Turkey’s relationship with liquor is a checkered one. The recent law against the advertising of alcohol hasn’t helped. In spite of this, the raki culture seems to be holding strong and good wine can be found. Not so for the cocktail situation, which is pretty bleak. I have had some truly terrible drinks here, even when I thought that nothing could go wrong, as with a martini.

Sometimes the erratic nature of the scene might mean a lucky break, if that means getting a lot more alcohol than is normally put into one drink. This happened to me and a friend one summer when we wandered into an Asian fusion restaurant in Ortaköy, a neighborhood on the Bosphorus. The restaurant’s bar is perched over the water, the bottles lined up with the sea behind them, creating a stunning view. We each ordered a mojito, only there were probably the equivalent of three to four jiggers of rum in each drink. The rest of the afternoon was a woozy blur: nice, but unexpected.

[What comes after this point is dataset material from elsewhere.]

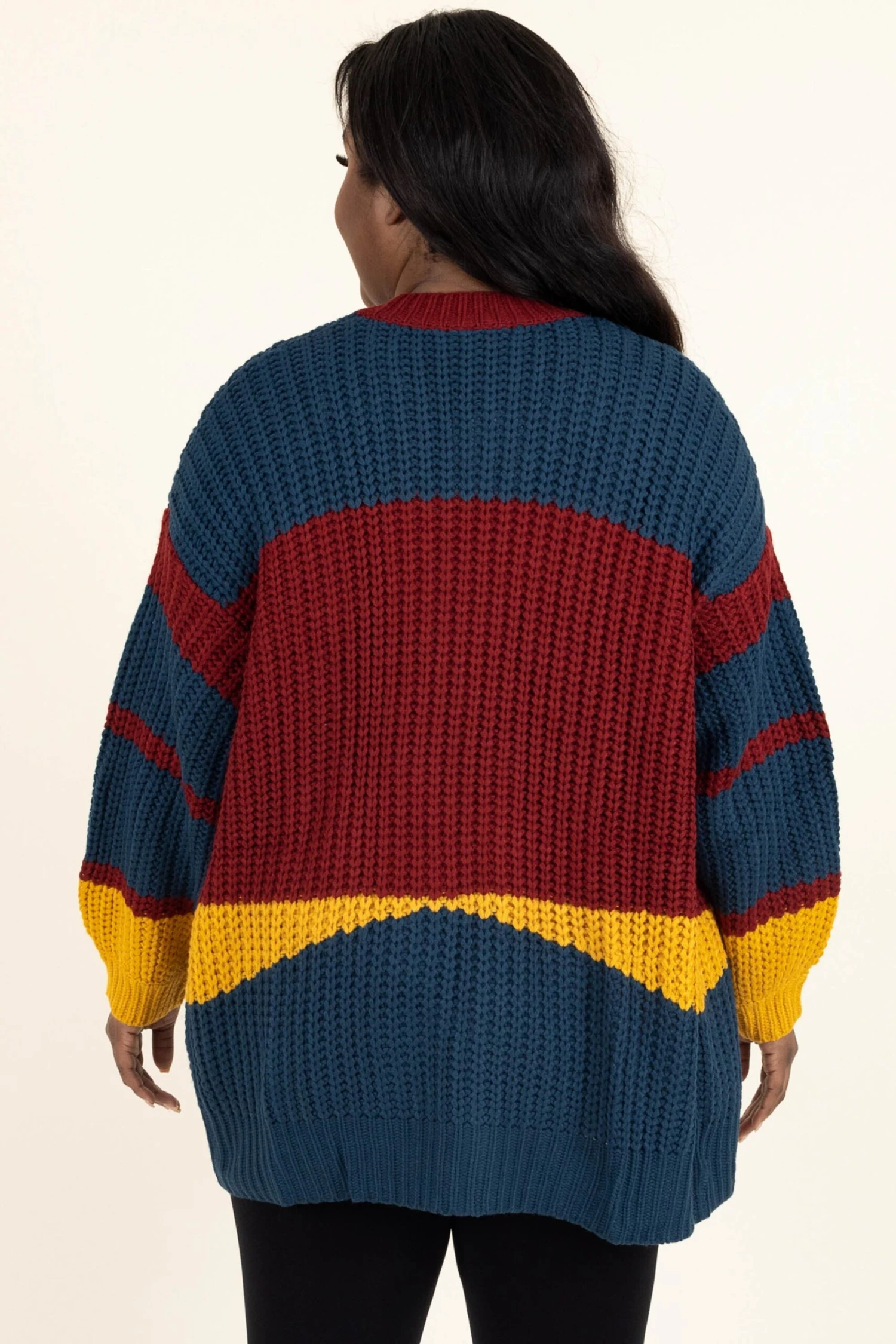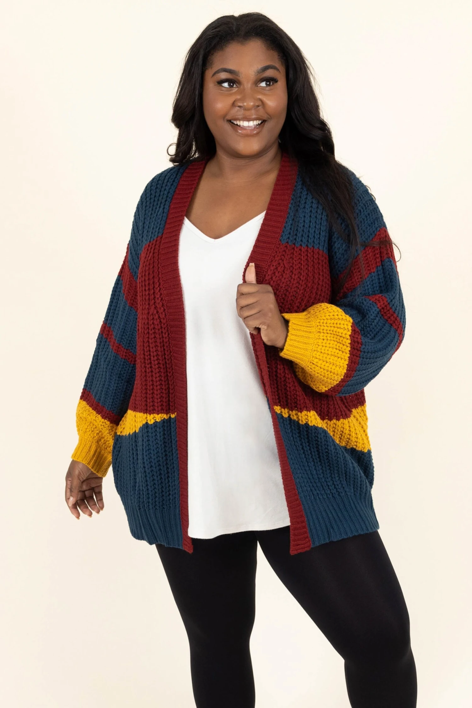 Take your wardrobe in a new direction with this beautiful cardigan! This cardi has a lovely mix of bold colors and a trendy colorblock design that is SO sweet! Style this cardigan with a solid top and leggings for your next adventure for a casual, chic look!

I’ve read about the artisanal cocktail scene in other cities and seen pictures that speak to how mere alcohol can surpass itself to become artistry. But it was not something I believed I could find here. Nevertheless, in the hopes of a cut-above drink one evening, I went to the Orient Bar in the Pera Palace Hotel.

The men in our company wore bow ties, and the setting was faultless. I had a friend visiting from France, and he was impressed with the plush interior, with the talented piano player, and with the old elevator, apparently one of the oldest in Europe. But the prices were exorbitant, the drinks teeny, and they were not so much artisanal as strange, swanky-sounding combinations with names like “Russian Riviera” and “Greta Garbo.”

It was then that one in our party leaned in a little closer and almost conspiratorially whispered in my ear that if I really liked cocktails, I should go to this place just a few streets yonder. It didn’t have a name, though people generally referred to it by the owner’s name. I took detailed directions and off we went.

Apart from a few bottled beers, cocktails is all they do at this bar in a dark cul-de-sac off Istiklal Street. The drinks change seasonally but include some signature constants and are written out on slabs of wood that reside over the bar. The owner and his two barmen in their vests and ties are all about the craft of mixing, and they take themselves very seriously. The drinks are not cheap, but the bonhomie, warmth, and good cheer they create are well worth every lira.